My cousin Celia stepped out into the hallway, carrying Peg on top of two pillows.
Celia’s mom and my mom are sisters. Most everybody in my family is normal and lives in New England, but Celia’s mom married a guy from South Carolina, and that’s where they lived and where Celia grew up.
I always thought Celia was okay because she was nice enough and smart enough—not in math like me, but smart anyway. I liked the way she said y’all all the time. I saw her as a visitor from some exotic far‐off land. Also, whenever her family came to visit, they stayed in a hotel, which was good. Unlike my brothers and sisters, Celia didn’t take up any space in our little—
“Celia’s college messed up her housing,” Dad said. “We’re going to make room here and adjust.”
“Just until they get the discombobulated, combobulated again,” Celia said. “I appreciate y’all takin’ me in. Hey, Abe.”
“How?” I asked, trying to play catch‐up in this conversation.
“Her schedule’s probably going to be crazy,” Mom said. “That’s why Celia’s getting the little bedroom to herself with the futon. We’ll move Faye and Peg and their bunk bed out.”
“To where?”
Dad raised his hands like he was trying to calm me down. But I wasn’t mad—yet. “You boys have had the whole attic to yourselves for a long time,” he said.
“To ourselves? There’s three of us up there.”

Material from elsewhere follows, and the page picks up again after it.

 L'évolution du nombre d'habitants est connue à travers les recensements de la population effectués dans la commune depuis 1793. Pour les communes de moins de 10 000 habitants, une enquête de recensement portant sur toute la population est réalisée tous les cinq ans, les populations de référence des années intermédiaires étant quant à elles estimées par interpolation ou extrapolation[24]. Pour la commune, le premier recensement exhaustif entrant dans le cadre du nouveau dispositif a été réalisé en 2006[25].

Dad sighed. “It’s the biggest open space in the house. Faye and Peg…well, there’s plenty of room for all—”
“We’ll hang up some blankets as dividers between the boys and the girls,” Mom said.

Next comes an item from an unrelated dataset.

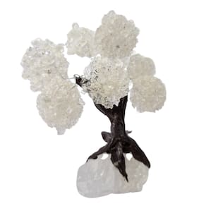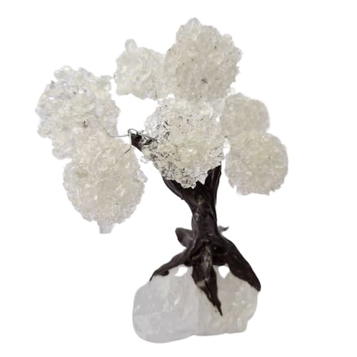 A Árvore de Pedra Natural de Quartzo Transparente é uma peça única que alia beleza e poder energético. O quartzo transparente é conhecido por suas propriedades purificadoras e amplificadoras, sendo perfeito para trazer luz e positividade ao seu lar ou escritório.

“Whoopee!” Peg said. “Faye and I get to go up to the attic with you guys?”
“It’s not a good thing, Peg,” Faye said.
“Yeah, whoopee,” I muttered.
We finished the move after dinner. On what was now supposed to be the girls’ side of the attic, Mom told Brian and James to finish putting the bunk bed together. She hung up the blankets that divided Faye and Peg from the three of us.

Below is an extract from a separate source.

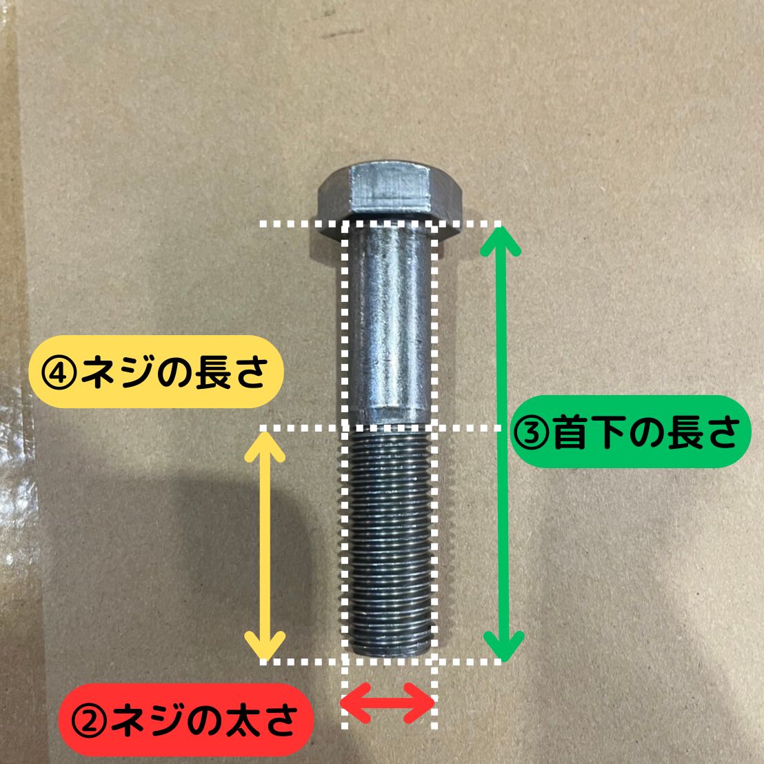 サイズを伝えるときは①規格、②ネジの太さ、③首下の長さ、④ネジの長さを伝えましょう!

She did this by pounding some nails into the walls, bending them, and tying off a rope she stretched across the attic. I didn’t know if it was becau
se Mom was strong or the attic walls were weak but, on one of Mom’s swings, she went a little wide. The hammer went right through the plaster.
“What’s with all that pounding?” Dad shouted from downstairs.
“Nothing,” Mom replied, wiggling the hammerhead out of the hole, sending little white chalky chunks of the wall to the floor. “You just worry about getting Celia settled down there.”
“What did you break?” Dad hollered up.
“Nothing,” Mom said, trying to see if some of the bigger plaster pieces would fit back in the hole. “Brian and James are putting the bed back together.”
“Liar, liar, pants on fire,” Brian said.
“You are so bad,” James said, ruffling Mom’s hair with his hand.
“Look, all this needs to get done tonight,” Mom groaned as she pulled the rope tight. “I’m not bad. I’m…creative.”
“Dude, that’s where we get it from,” Brian said to James with a laugh.
I wasn’t laughing.
“Peg’s asleep in my bed,” I said as Mom was finishing draping the blankets over the rope.
“Well, it is ten o’clock,” Faye said.
Mom put her hands on her hips and assessed the situation. She turned to Faye. “Grab your sister’s shoulders under her arms. I’ll get her feet. Help me get Peg over to her own bed.”
“And out of mine,” I said.
A Deal with Peg
I was without doughnuts. I was without dollars. I was crammed into three-fifths of an attic with my two brothers on one side of a blanket wall and my two sisters on the other.
And then, of course, there came the final insult. On my side of the attic, there was a pile of Faye and Peg’s stuff and their dresser. On top of the dresser was Peg’s “Peggy” bank.